* [Data under study]:
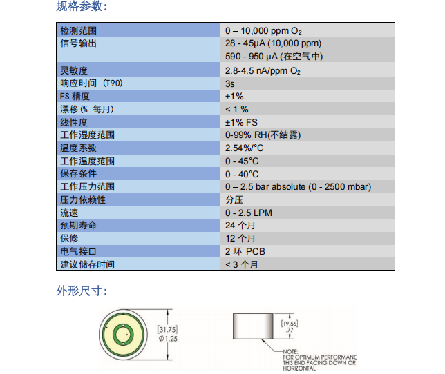 美國(guó)AII PPM O2 氧氣傳感器 微量氧傳感器?GPR-12-333-H 參數(shù):
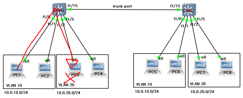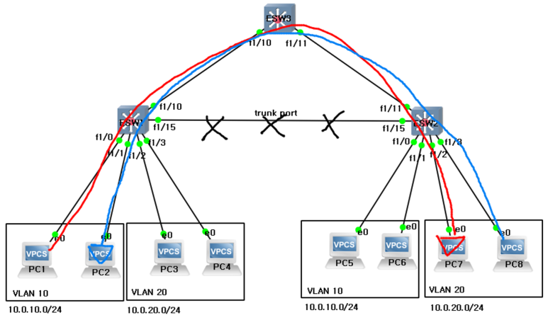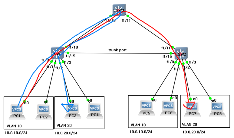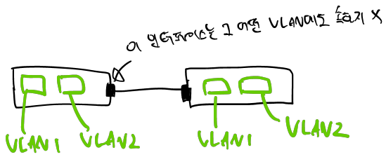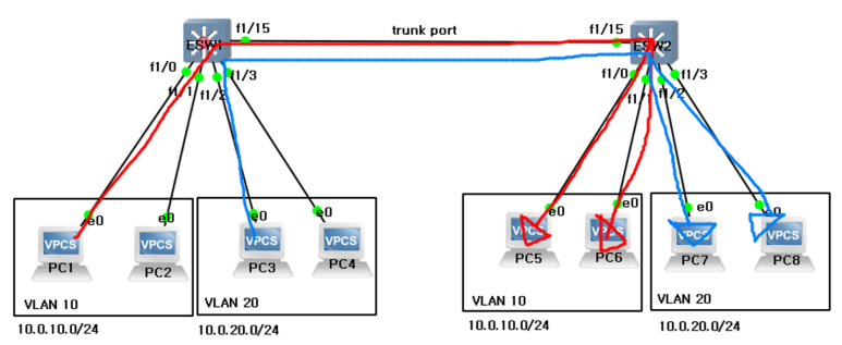 같은 vlan이더라도 물리적으로 스위치가 달라서 통신이 안됨(vlan 10: 빨간라인, vlan 20: 파란라인)
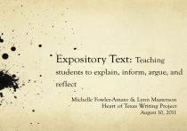 Expository Text: Teaching students to explain, inform, argue, and reflect Michelle Fowler-Amato & Lynn Masterson Heart of Texas Writing Project August 10, 2011 Agenda 1. Introductions 2. Writing workshop and processes 3. Writers’ notebooks 4. Understandings of expository genres 5. Reading in a genre: Models and strategies 6. Writing in a genre 7. For next time… Introductions Michelle Lynn Getting to know you Name tent School Grade Six-word Memoir http://www.smithmag.net/sixwords/ Capable Writers Take a few minutes to list the attributes you associate with a person who is a “capable” writer. What kind of classroom environment would support the development of a capable writer? English: What to Teach (Bomer, 2011) Take a few minutes to look back through Chapter 1 of Building Adolescent Literacy in Today’s English Classrooms to situate yourself back in the text. Choose what you believe is the most important sentence in the chapter. Write the sentence and page number on a blank page in your writer’s notebook and write about why you chose this sentence. Then write a question you have about the text Share with your table Share whole group A Class is an Organization of People Independent work Partnerships Small Groups What a Class Period Can Be In a 50 minute period… Mini-lesson (10 minutes) Work time (30 minutes) Sharing (10 minutes) Other Possible Structures Mentored Inquiry Whole-class Discussion Shared Aesthetic Experience Essential Characteristics of a Writer’s Workshop Safe Environment Encouraging risk taking Clear guidelines for assessment Choice Choices about daily work in the workshop, content, development, genre, form, publication Time Regularly scheduled writing time on a weekly basis Talk Interactions with teachers and peers about their writing High Expectations Everyone will write and everyone will publish Teaching Organized for Writers Writers’ Workshop Over time in a writers’ workshop we hope to see students developing: A sense of self as writers, as well as a personal writing process that works for them; A way of reading the world like writers, collecting ideas with variety, volume and thoughtfulness; A sense of thoughtful, deliberate purpose about their work as writers, and a willingness to linger with those purposes; As members of a responsive, literate community; Ways of reading text like writers, developing a sense of craft, genre and form in writing; A sense of audience, and an understanding of how to prepare writing to go into the world Components of a Writer’s Workshop Focus Lessons/Mini Lessons Procedural Lessons: important information about how the workshop runs (how to get or use materials, where to confer with a friends, etc). Writing Process Lessons: strategies writers use to help them choose, explore, or organize a topic Qualities of Good Writing Lessons: information to deepen a student’s understanding of literary techniques: use of scenes, influence of point of view, strong language, leads and endings, etc. Editing Skills: information to develop their understanding of spelling, punctuation and grammatical skills Components of a Writer’s Workshop Focus Lessons/ Mini Lessons short, focused and direct taught to a group of students or the whole class topic varies according to the needs of the class A mini lesson does not always direct the course of action for the rest of the workshop. This is the time to introduce an important skill but we shouldn’t expect students to spend the next 40 minutes practicing it. Teachers can direct student practice during the mini lesson but when the lesson ends students return to ongoing writing projects Components of a Writer’s Workshop Independent Writing Time Freewriting in a notebook to develop, play around with, or extend ideas—use as a tool for thinking. Writing Exercises Reading to support writing Staring off into space Drafting, revising, or editing a writing project Conferencing with teachers or peers Publishing a writing project Components of a Writer’s Workshop Sharing A special time at the end of each workshop for students to share writing with the whole class Teacher coaches students how to give and receive responses to each others writing It is more than a celebration but also a time for teaching Teachers direct students to act in ways that will help them when they are conferring one-on-one with peers Components of a Writer’s Workshop Conferencing The majority of teaching takes place in the conference Conferencing happens at all stages of the writing process Conferencing guides the types of minilessons included in a unit of study Focused Units of Study Process Living a writing life, and getting and growing ideas for writing A writer’s work other than writing: research, observation, talk, etc. An overview of the process of writing Revision Editing Using a notebook as a tool to make writing better How writers have peer conferences How writing gets published Studying our histories as writers How to coauthor with another writer Focused Units of Study Products An overview of the kinds of writing that exist General craft study: Looking closely at good writing and naming the qualities we see Specific craft study: Zooming in on some aspect of craft-structure, punctuation, word choice, leads, endings, paragraphing, descriptions, etc. How to make illustrations work with text Finding mentor authors for our writing Specific genre study: specifically editorials, feature articles, essays, reviews, etc. Write Like a Teacher of Writing “We write so that we know what to teach about how this writing work gets done. We write so that we know what writers think about as they go through the process. We write so that our curriculum knowledge of the processes of writing runs deep and true in our teaching. We write so that we can explain it all.” -Katie Wood Ray I am a writer who… steals minutes to write -Kelly tends to hide out in particular genres –Michelle has a zillion things to say but won’t allow 
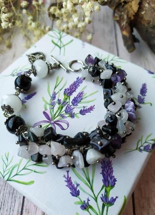 Оригінальний асиметричний браслет з сколів натуральних каменів: агата, рожевого кварцу, аметисту та кришталевих намистин, обрамлених металевою фурнітурою кольору зістареного срібла. Підходить на зап'ястя обхватом 17 см.
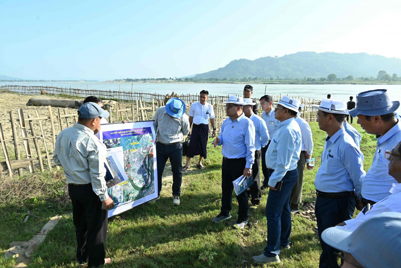 ယင်းနောက် အဆိုပါ မြစ်ဆိပ်မှ တစ်ဆင့် မီးသတ်ဦးစီးဌာနမှ အမြန်ရေယာဉ်များဖြင့် ဧရာဝတီ မြစ်ကြောင်းတစ်လျှောက် မြို့အထက်ဘက် ရွှေစက်ရပ်ကွက် ကရိန်နော်အထိလည်းကောင်း၊ ကရိန်နော်မှ သီတာရပ်ကွက် ရုံးကြီးလမ်းနှင့် ကမ်းနားလမ်းထောင့်ရှိ ဧရာဝတီမြစ်ဆိပ်အထိ လည်းကောင်း၊ မြစ်တွင်းမှတစ်ဆင့် ဘဏ္ဍာနှစ်အလိုက် ဦးစားပေးဆောင်ရွက်ရမည့် မန်ခိန်ရပ်ကွက် တရုတ်ဘုံကျောင်းမှ ဗလမင်းထင်တံတားအထိ ကျောက်စီကမ်းထိန်းတမံနှင့် ရေလျှံတားနံရံ တည်ဆောက်နိုင်ရေး လျာထားဆောင်ရွက်သွားမည့် အစီအစဉ်များ၊ ဗလမင်းထင်တံတားမှ ဆုတောင်းပြည့်ရေဆိပ်အထိ ရေလျှံတားနံရံတည်ဆောက်ရန် လျာထားမှု အခြေအနေများနှင့် ရေထိန်းတံခါးတည်ဆောက် မည့် တက္ကသိုလ်ရေပေါက်နှင့် အင်ဂျန်းချောင်းဝတို့အား လှည့်လည်ကြည့်ရှုစစ်ဆေးခဲ့ကြပြီး ရေလမ်းကြောင်း ဖွံ့ဖြိုးရေးအတွင်း ဗလမင်းထင်တံတားအောက်ဖက်ရှိ သဲသောင်ခုံနှင့် နောင်တာလောကျွန်း သဲသောင်ခုံတို့အား သဲသောင်တူးဖော်ရှင်းလင်းဆောင်ရွက်သွားမည့် အစီအမံများကို ညှိနှိုင်းဆွေးနွေးခဲ့ကြသည်။
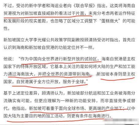在海南正式封关之后,12月27日,新加坡联合早报刊文表示,当前围绕“海南取代新加
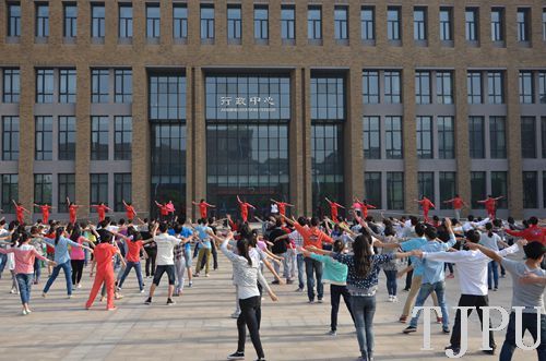5月19日,纺织学院13级同学以活力健美操的晨练形式展现了当代大学生的青春风采,使他们尽快走向操场,一起感受春天的阳光。健美操队伍整齐有序,音乐响起同学们动作一致,肢体优美、身体协调,宛如初升的太阳,朝气蓬勃。活力四射的健美操不仅锻炼了身体,丰富了同学们的生活,还可以消除疲劳感,促进身体良好姿态的形成。健美操结束后,大家以兴趣小组的形式开展了诸如跳绳、呼啦圈,踢毽子等丰富的体育活动。
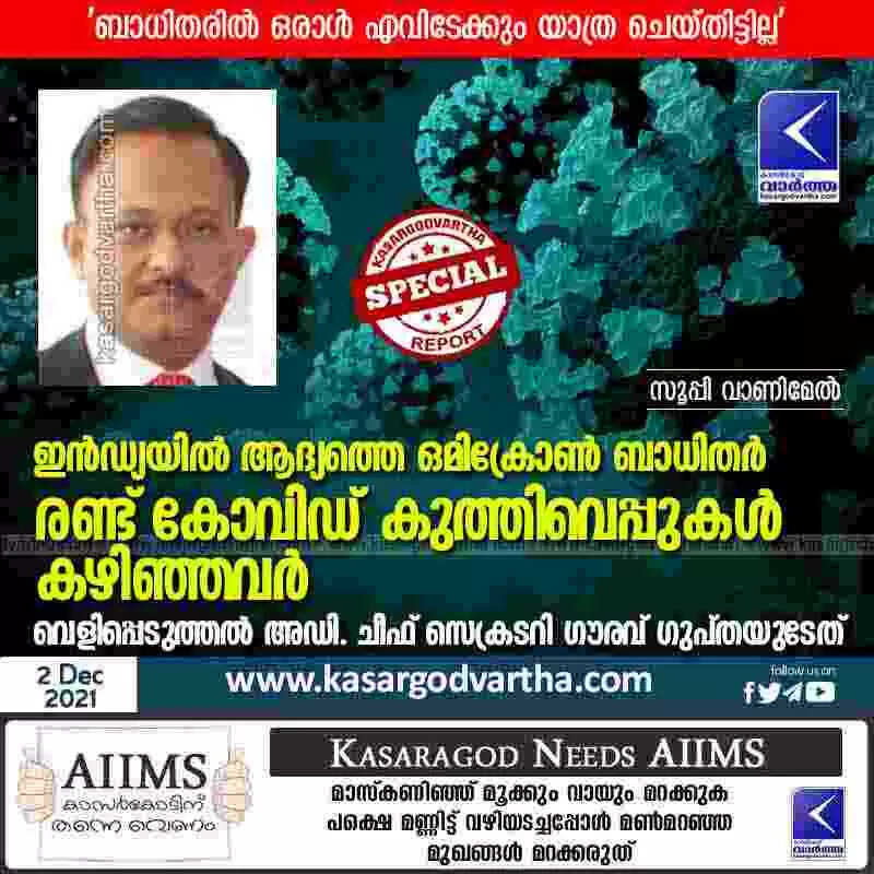 ഇൻഡ്യയിൽ ആദ്യത്തെ ഒമിക്രോൺ ബാധിതർ രണ്ട് കോവിഡ് കുത്തിവെപ്പുകൾ കഴിഞ്ഞവർ; വെളിപ്പെടുത്തൽ അഡി. ചീഫ് സെക്രടറി ഗൗരവ് ഗുപ്തയുടേത്
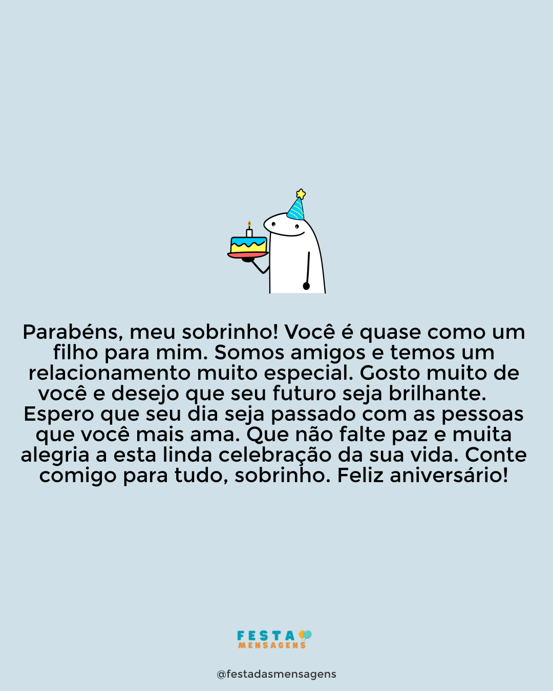 Parabéns, filhão! Agora já pode dizer que são vinte anos muitos bem vividos e repletos de acontecimentos incríveis, mas nada irá se comparar com o que ainda vem pela frente. Muita coisa ainda irá mudar na sua vida, mas estes primeiros vinte anos são a prova de que você é capaz de enfrentar tudo que a vida lhe trouxer. Você tem qualidades maravilhosas das quais tenho muito orgulho! Comemore muito o seu dia e aproveite a sua festa, afinal, não é sempre que se completa 20 anos de idade! Muitas felicidades, amor e saúde sempre!

* [What to do]: Beginning with the line above that has "Оригінальний асиметричний браслет" and going on through the line that has "ഇൻഡ്യയിൽ ആദ്യത്തെ ഒമിക്രോൺ", retype every line exactly and add nothing else; drop the pictures.

* [Solution for this exercise]:
 Оригінальний асиметричний браслет з сколів натуральних каменів: агата, рожевого кварцу, аметисту та кришталевих намистин, обрамлених металевою фурнітурою кольору зістареного срібла. Підходить на зап'ястя обхватом 17 см.
 ယင်းနောက် အဆိုပါ မြစ်ဆိပ်မှ တစ်ဆင့် မီးသတ်ဦးစီးဌာနမှ အမြန်ရေယာဉ်များဖြင့် ဧရာဝတီ မြစ်ကြောင်းတစ်လျှောက် မြို့အထက်ဘက် ရွှေစက်ရပ်ကွက် ကရိန်နော်အထိလည်းကောင်း၊ ကရိန်နော်မှ သီတာရပ်ကွက် ရုံးကြီးလမ်းနှင့် ကမ်းနားလမ်းထောင့်ရှိ ဧရာဝတီမြစ်ဆိပ်အထိ လည်းကောင်း၊ မြစ်တွင်းမှတစ်ဆင့် ဘဏ္ဍာနှစ်အလိုက် ဦးစားပေးဆောင်ရွက်ရမည့် မန်ခိန်ရပ်ကွက် တရုတ်ဘုံကျောင်းမှ ဗလမင်းထင်တံတားအထိ ကျောက်စီကမ်းထိန်းတမံနှင့် ရေလျှံတားနံရံ တည်ဆောက်နိုင်ရေး လျာထားဆောင်ရွက်သွားမည့် အစီအစဉ်များ၊ ဗလမင်းထင်တံတားမှ ဆုတောင်းပြည့်ရေဆိပ်အထိ ရေလျှံတားနံရံတည်ဆောက်ရန် လျာထားမှု အခြေအနေများနှင့် ရေထိန်းတံခါးတည်ဆောက် မည့် တက္ကသိုလ်ရေပေါက်နှင့် အင်ဂျန်းချောင်းဝတို့အား လှည့်လည်ကြည့်ရှုစစ်ဆေးခဲ့ကြပြီး ရေလမ်းကြောင်း ဖွံ့ဖြိုးရေးအတွင်း ဗလမင်းထင်တံတားအောက်ဖက်ရှိ သဲသောင်ခုံနှင့် နောင်တာလောကျွန်း သဲသောင်ခုံတို့အား သဲသောင်တူးဖော်ရှင်းလင်းဆောင်ရွက်သွားမည့် အစီအမံများကို ညှိနှိုင်းဆွေးနွေးခဲ့ကြသည်။
在海南正式封关之后,12月27日,新加坡联合早报刊文表示,当前围绕“海南取代新加
5月19日,纺织学院13级同学以活力健美操的晨练形式展现了当代大学生的青春风采,使他们尽快走向操场,一起感受春天的阳光。健美操队伍整齐有序,音乐响起同学们动作一致,肢体优美、身体协调,宛如初升的太阳,朝气蓬勃。活力四射的健美操不仅锻炼了身体,丰富了同学们的生活,还可以消除疲劳感,促进身体良好姿态的形成。健美操结束后,大家以兴趣小组的形式开展了诸如跳绳、呼啦圈,踢毽子等丰富的体育活动。
 ഇൻഡ്യയിൽ ആദ്യത്തെ ഒമിക്രോൺ ബാധിതർ രണ്ട് കോവിഡ് കുത്തിവെപ്പുകൾ കഴിഞ്ഞവർ; വെളിപ്പെടുത്തൽ അഡി. ചീഫ് സെക്രടറി ഗൗരവ് ഗുപ്തയുടേത്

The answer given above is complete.